# [ABOUT THIS TASK]
Below are some records. Write out the line that contains "하나의 지표 추가 만으로" and all lines after it, exactly, but not the pictures.

# [RECORDS FOR THE EXERCISE]

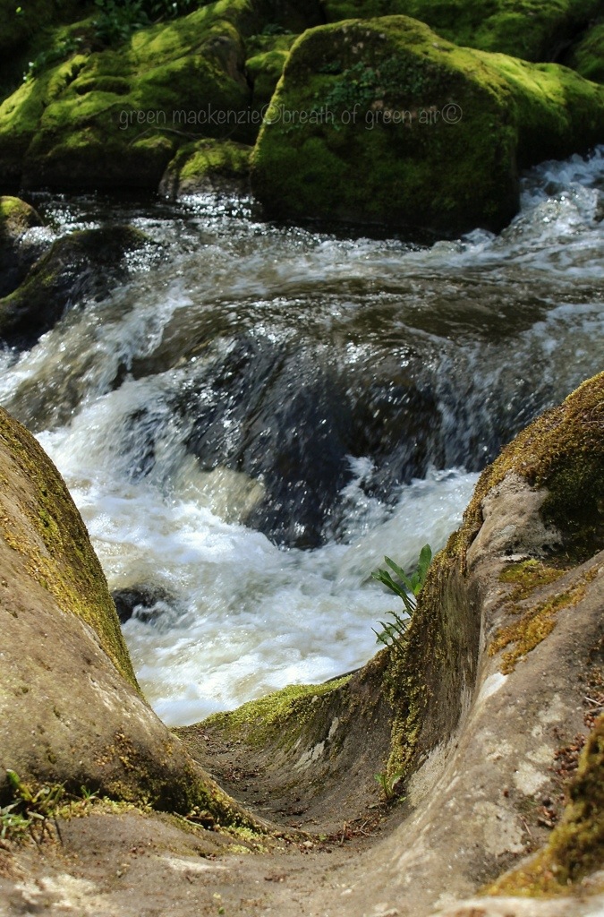 There are grooves, channels and cups, carved by the water, which invite a second look. These watery rocks seem to refresh not just the senses but the soul and spirit, putting us back into contact with the magic of the earth, and of nature. Resting here we are drawn out of ourselves and into the wider wonders of life pouring freshly through the rocks and soil of our planet. The miracle of fresh water on an orb of cooling rock, spinning through the stars and the unfathomable depths of space.
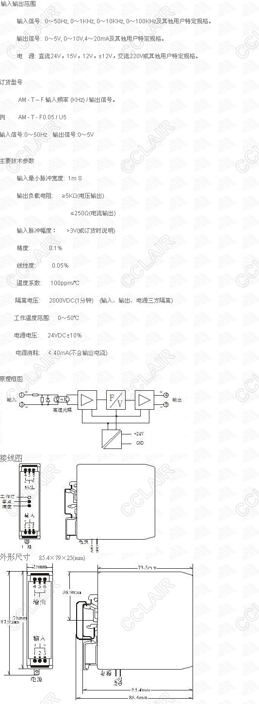 AM-T-F0.05/U5,AM-T-F0.05/I4,AM-T-F1/U10,AM-T-F1/I4,電壓電流頻率隔離轉(zhuǎn)換器
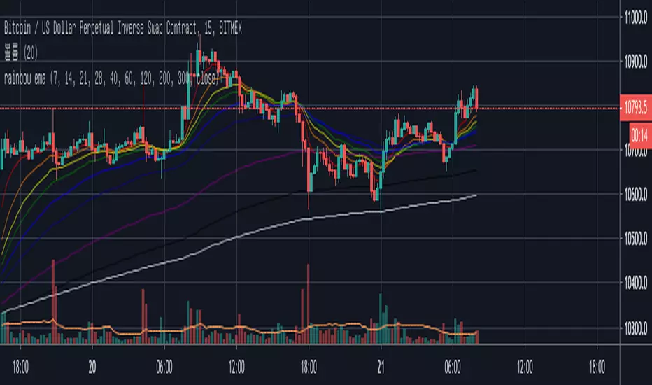 하나의 지표 추가 만으로 여러개의 지수이평선을 사용하실 수 있고, 제가 자주 사용하는 7,14,21,28,40,60,120,200,300선 넣어 놨습니다.
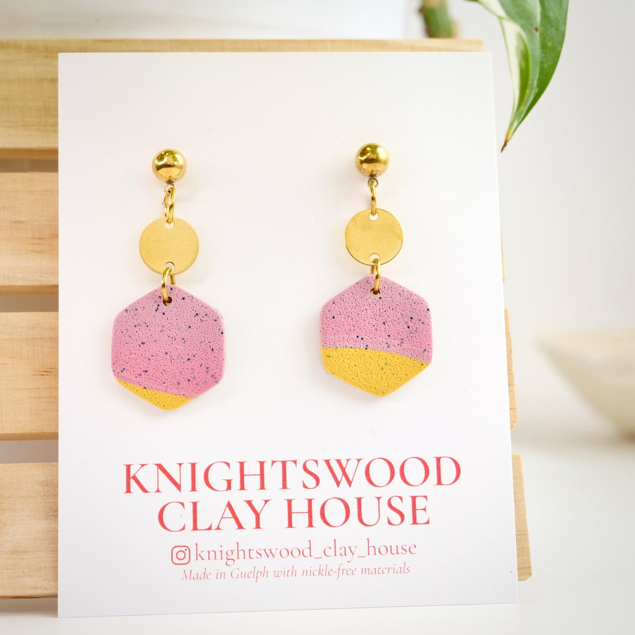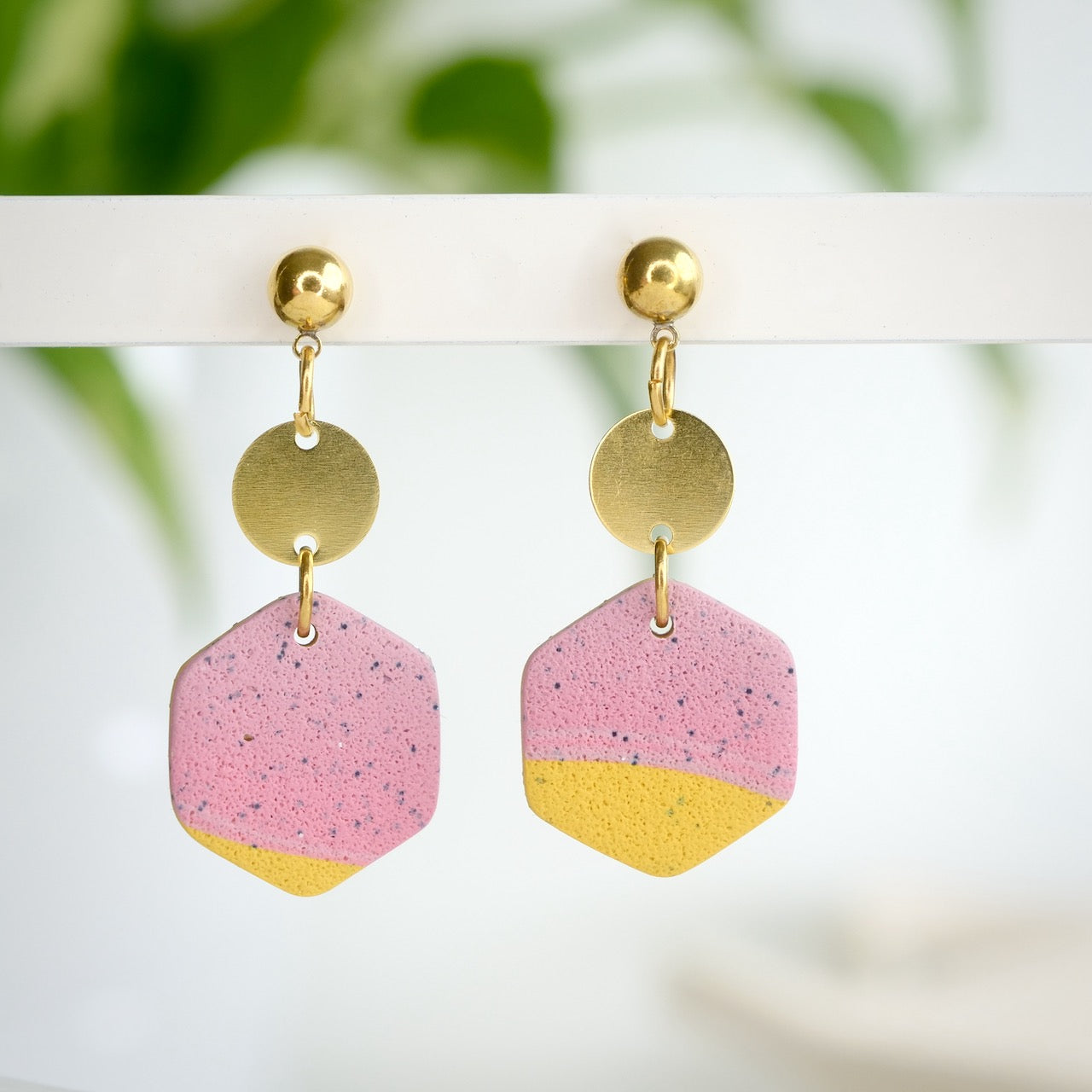 Hepburn Hex Dangles in Pink and Yellow Stone
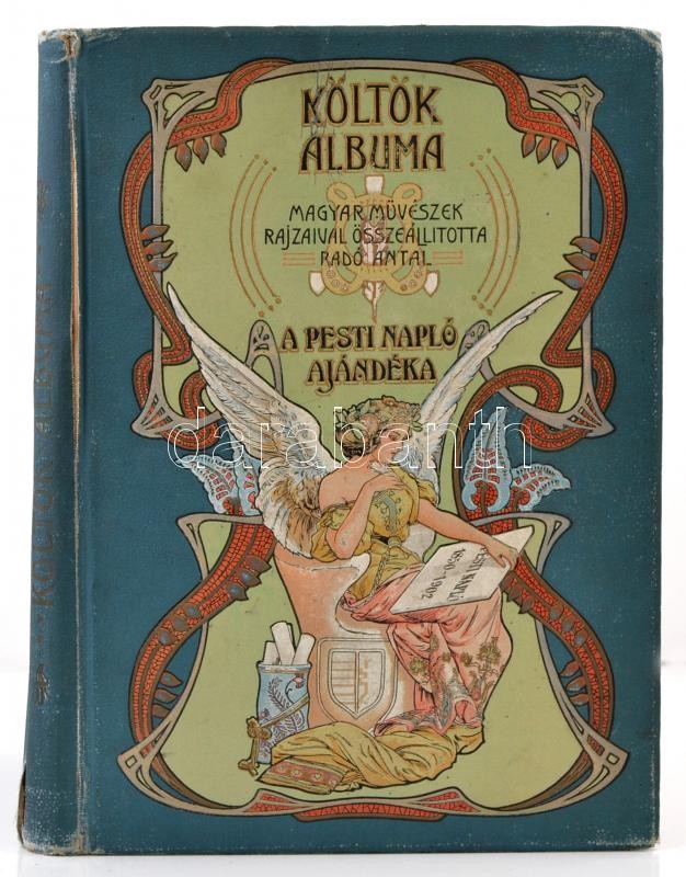 Költők albuma. Jelenkori magyar költők verseiből. Szerk.: Radó Antal. Harminczöt magyar festőművész képeivel. A Pesti Napló karácsonyi ajándéka előfizetőinek. Budapest, é.n., Lampel Róbert (Wodianer F. és Fiai)., 284 p. Negyedik, módosított és bővített kiadás. Kiadói aranyozott, dombornyomott, festett kiadói egészvászon kötésben, festett lapélekkel, kissé kopott borítóval és gerinccel.
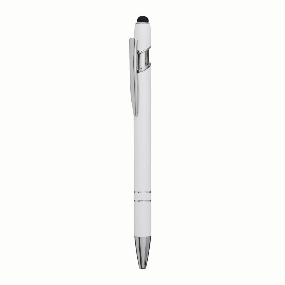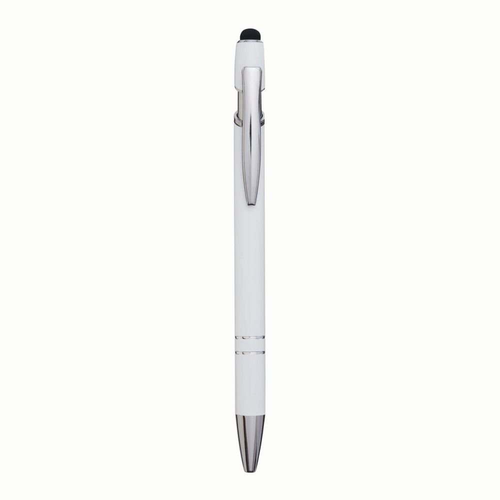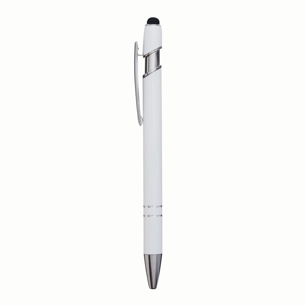 Aluminium ballpoint pen MERCHANT with shiny metal body, pressure mechanism, touchscreen tip at the end, blue ink

# [YOUR SOLUTION]
 하나의 지표 추가 만으로 여러개의 지수이평선을 사용하실 수 있고, 제가 자주 사용하는 7,14,21,28,40,60,120,200,300선 넣어 놨습니다.
 Hepburn Hex Dangles in Pink and Yellow Stone
 Költők albuma. Jelenkori magyar költők verseiből. Szerk.: Radó Antal. Harminczöt magyar festőművész képeivel. A Pesti Napló karácsonyi ajándéka előfizetőinek. Budapest, é.n., Lampel Róbert (Wodianer F. és Fiai)., 284 p. Negyedik, módosított és bővített kiadás. Kiadói aranyozott, dombornyomott, festett kiadói egészvászon kötésben, festett lapélekkel, kissé kopott borítóval és gerinccel.
 Aluminium ballpoint pen MERCHANT with shiny metal body, pressure mechanism, touchscreen tip at the end, blue ink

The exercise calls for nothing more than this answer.